Collection entries:

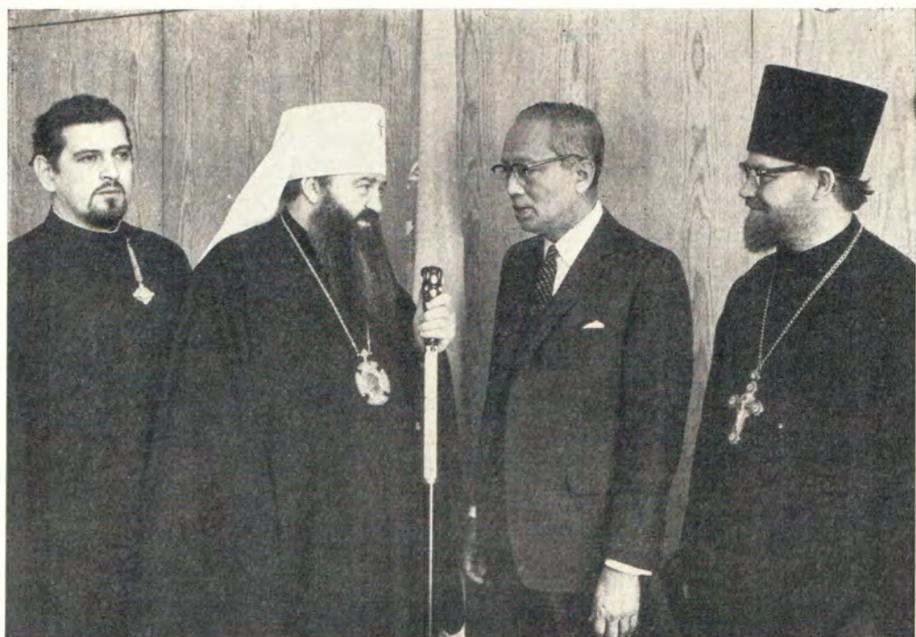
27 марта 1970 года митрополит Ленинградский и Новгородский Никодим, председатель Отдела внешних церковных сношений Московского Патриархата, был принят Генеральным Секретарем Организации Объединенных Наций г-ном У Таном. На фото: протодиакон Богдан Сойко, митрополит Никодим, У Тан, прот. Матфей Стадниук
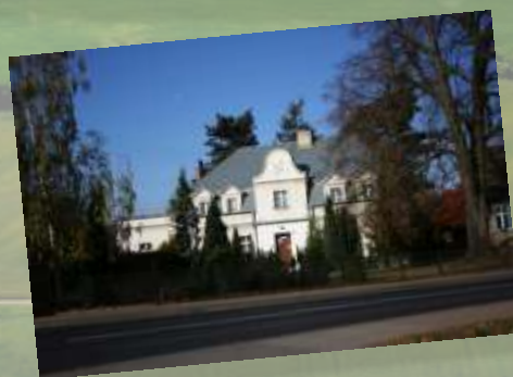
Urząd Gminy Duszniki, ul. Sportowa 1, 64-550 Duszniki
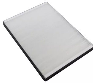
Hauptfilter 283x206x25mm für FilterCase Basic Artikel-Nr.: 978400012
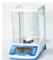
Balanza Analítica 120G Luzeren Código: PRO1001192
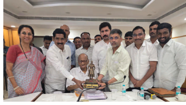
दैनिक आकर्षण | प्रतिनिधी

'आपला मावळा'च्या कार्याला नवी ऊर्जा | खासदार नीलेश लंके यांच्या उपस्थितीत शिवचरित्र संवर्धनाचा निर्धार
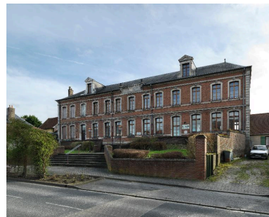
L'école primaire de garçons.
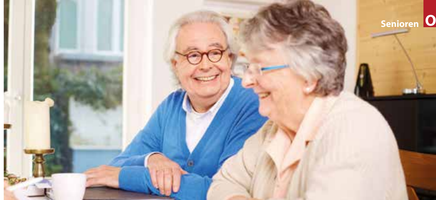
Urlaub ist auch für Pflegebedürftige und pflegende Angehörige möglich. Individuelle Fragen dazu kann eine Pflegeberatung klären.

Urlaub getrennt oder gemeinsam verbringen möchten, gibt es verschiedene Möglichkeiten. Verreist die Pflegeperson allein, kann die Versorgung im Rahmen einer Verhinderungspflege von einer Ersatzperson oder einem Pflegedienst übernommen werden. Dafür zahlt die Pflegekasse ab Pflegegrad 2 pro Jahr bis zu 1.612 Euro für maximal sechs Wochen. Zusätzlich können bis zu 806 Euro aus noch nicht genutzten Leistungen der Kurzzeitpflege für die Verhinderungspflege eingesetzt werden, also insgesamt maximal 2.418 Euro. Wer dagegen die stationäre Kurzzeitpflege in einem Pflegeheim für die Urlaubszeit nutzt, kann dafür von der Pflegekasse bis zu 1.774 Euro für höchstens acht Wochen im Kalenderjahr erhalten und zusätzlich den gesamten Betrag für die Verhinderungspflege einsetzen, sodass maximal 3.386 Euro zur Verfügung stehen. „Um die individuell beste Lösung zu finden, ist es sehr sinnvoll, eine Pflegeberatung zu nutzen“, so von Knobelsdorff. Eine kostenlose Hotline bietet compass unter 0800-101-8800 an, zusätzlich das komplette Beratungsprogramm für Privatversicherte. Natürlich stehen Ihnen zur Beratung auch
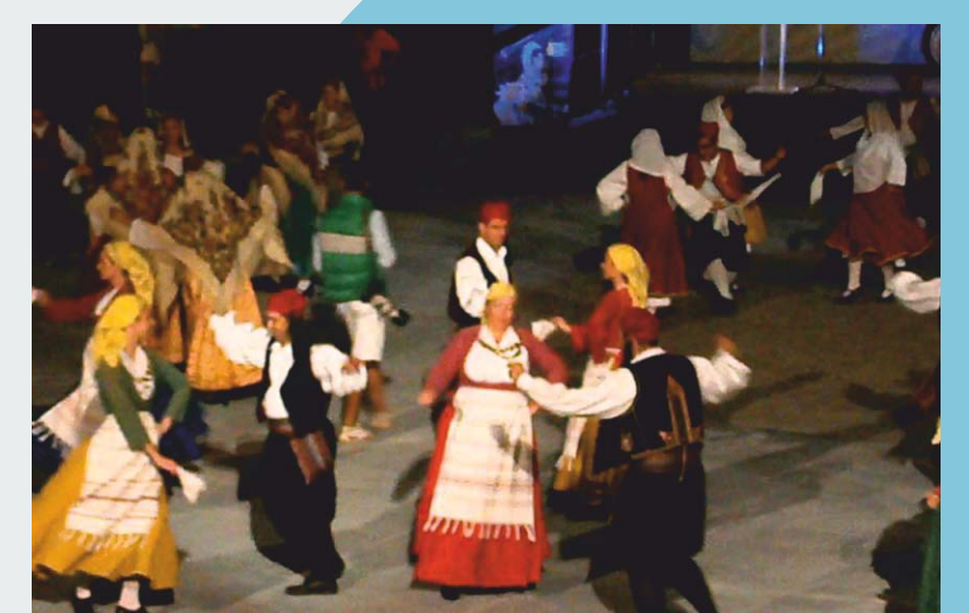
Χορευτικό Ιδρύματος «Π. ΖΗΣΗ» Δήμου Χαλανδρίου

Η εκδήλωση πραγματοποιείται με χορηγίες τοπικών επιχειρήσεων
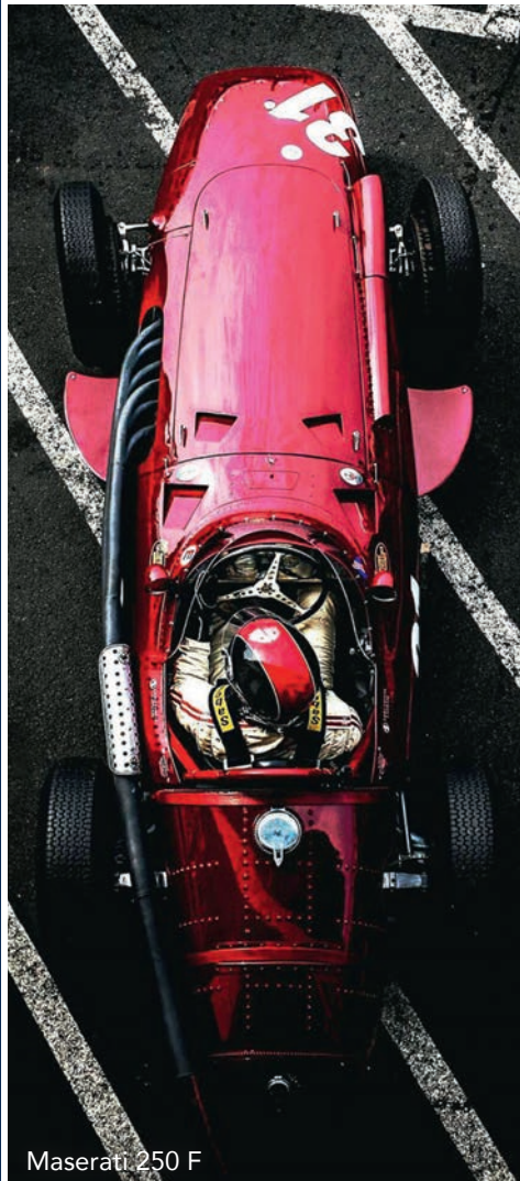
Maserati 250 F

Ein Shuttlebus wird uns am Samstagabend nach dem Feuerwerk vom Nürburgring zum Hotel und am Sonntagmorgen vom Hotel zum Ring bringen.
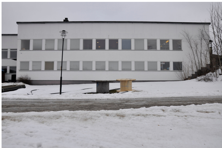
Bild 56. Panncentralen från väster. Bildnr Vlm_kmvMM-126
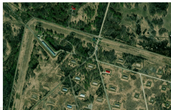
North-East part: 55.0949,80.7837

Your instructions: Transcribe, from the records above, the first line and every line after it up to and including the line with "Urlaub ist auch"; omit pictures.

Answer section:
27 марта 1970 года митрополит Ленинградский и Новгородский Никодим, председатель Отдела внешних церковных сношений Московского Патриархата, был принят Генеральным Секретарем Организации Объединенных Наций г-ном У Таном. На фото: протодиакон Богдан Сойко, митрополит Никодим, У Тан, прот. Матфей Стадниук
Urząd Gminy Duszniki, ul. Sportowa 1, 64-550 Duszniki
Hauptfilter 283x206x25mm für FilterCase Basic Artikel-Nr.: 978400012
Balanza Analítica 120G Luzeren Código: PRO1001192
दैनिक आकर्षण | प्रतिनिधी

'आपला मावळा'च्या कार्याला नवी ऊर्जा | खासदार नीलेश लंके यांच्या उपस्थितीत शिवचरित्र संवर्धनाचा निर्धार
L'école primaire de garçons.
Urlaub ist auch für Pflegebedürftige und pflegende Angehörige möglich. Individuelle Fragen dazu kann eine Pflegeberatung klären.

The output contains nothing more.